L’évidence paralyse la démonstration…
Réponse à mon confrère Cédric Rouquette d’Eurosport et à son billet sur le Barça. Je disais samedi soir que « ne pas aimer le Barça, c’est ne pas aimer le foot ». L’échange continue…
Oui, il est donc possible de ne pas aimer le Barça. La précision est utile parce qu’en lisant les commentaires ici et sur le blog de mon confrère, j’ai noté que certaines personnes s’exprimaient à contre-courant d’un unanimisme qui pourrait sembler évident. Aussi et parce que l’évidence peut souvent être source d’ignorance, comme l’adhésion irrationnelle à un dogme, on se doit d’expliquer pourquoi ce Barça doit, à défaut d’être aimé, au moins éminemment respecté. Devant un match de foot, il n’est pas rare que le commentateur parle d’une partie ou d’un geste en empruntant un langage relatif à l’art. Le match comme une pièce d’art dramatique, le joueur comparé à l’artiste… Le propos est connu. Mettons de côté la question de l’universalité de l’art, de sa perception, de l’objectivité et du désintéressement ou du degré d’implication face à l’œuvre, ce n’est pas le sujet…Quoique… L’œuvre universelle, le match universel existent-t-ils ? Les fans italiens, argentins, brésiliens, allemands, français auront-ils le même match référence ? Je ne prends aucun risque en disant que cela semble impossible. Le sport ne se satisfait pas de critères émotionnels ou esthétiques communs. L’idée d’appartenance à un club, un pays, une communauté, les préférences personnelles éloignent les supporters. En sport, l’émotion prend souvent le pas sur la raison. Qui sera touché par le parcours des Bleus en 1998 en dehors d’un Français ? Le France/Brésil 1986 appartient à l’histoire du foot ? Ça vaut aussi pour un Anglais ? Pas sûr ! La main était de Dieu en Argentine, elle est celle d’un vulgaire bandit pour les Anglais… Et si on parle de façon de jouer, de beau jeu, les différences d’appréciation seront encore plus nettes. Peut-on parler d’un critère esthétique unique en foot ? Je ne crois pas. C’est mieux de gagner en jouant bien ? Mais qui sait ce que bien jouer veut dire ? Qui détient la vérité à ce sujet ?
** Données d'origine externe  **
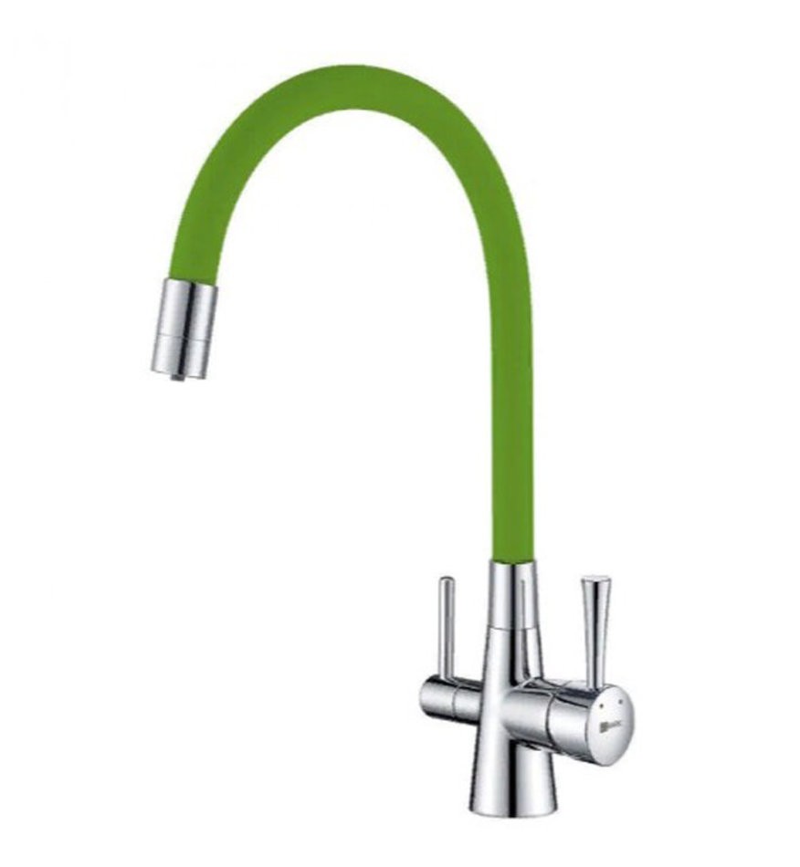 Смеситель Lemark Comfort LM3075C-Green для кухонной мойки, с подключением к фильтру питьевой воды, хром/зеленый

J’ai dit récemment que ne pas aimer le Barça, c’est ne pas aimer le foot. Radicale, cette phrase peut choquer. Le supporter du Real n’aime pas, par chauvinisme et parce qu’il ne peut pas, par passion, dépasser l’antagonisme entre les deux clubs. Il faut aussi concevoir qu’on puisse aimer une autre façon de jouer. Plus directe, moins soignée, moins câline. Transcender ses préférences, ses préjugés, sa culture pour arriver à une admiration béate du Barça, j’en conviens, n’est en rien obligatoire. Elle peut signifier néanmoins une faute de goût. Mais on peut aussi admirer, et c’était mon cas, la façon dont l’Inter de Mourinho avait battu le Barça. On peut préférer Nadal à Federer. Mais peut-on nier le génie et la classe du joueur suisse ? Ne risque-t-on pas, dans ce cas, le dérapage vers l’ignorance ? Comme dans beaucoup d’autres domaines, il y a peu d’invention dans le sport, de création. Le foot n’échappe pas à la règle. Certaines équipes ont marqué l’histoire de ce sport. Parce qu’elles ont gagné ou parce qu’elles ont inventé une nouvelle façon d’approcher le jeu. Le Barça a fait les deux ! On peut ne pas aimer le film de tel ou tel réalisateur, mais j’ai toujours cru que le film dit « d’auteur » devait au moins être respecté. C’est précisément de cela dont il s’agit quand on parle du FC Barcelone de Josep Guadiola. Sa place définitive dans l’histoire du foot n’est pas actée, mais comment douter que nous sommes en présence d’un « moment » à part. Ne pas l’admettre (je ne dis pas se soumettre) confine, selon moi à l’ignorance. Les plus grands coachs veulent tous savoir, comprendre. Cela frise parfois même l’obsession et clairement Guardiola s’est imposé comme une référence mondiale. Au-delà de ce que nous sommes et aimons, ce Barça doit rassembler, au moins, pour ce qu’il apporte de nouveau à notre sport. Face à cette équipe, on se retrouve dans le camp de ceux qui disent : « non, moi je n’aime pas untel ou untel, j’aime le foot avant tout ». En quelque sorte, ce Barça nous transforme tous en footix. Il ramène le sport à l’état initial de jeu…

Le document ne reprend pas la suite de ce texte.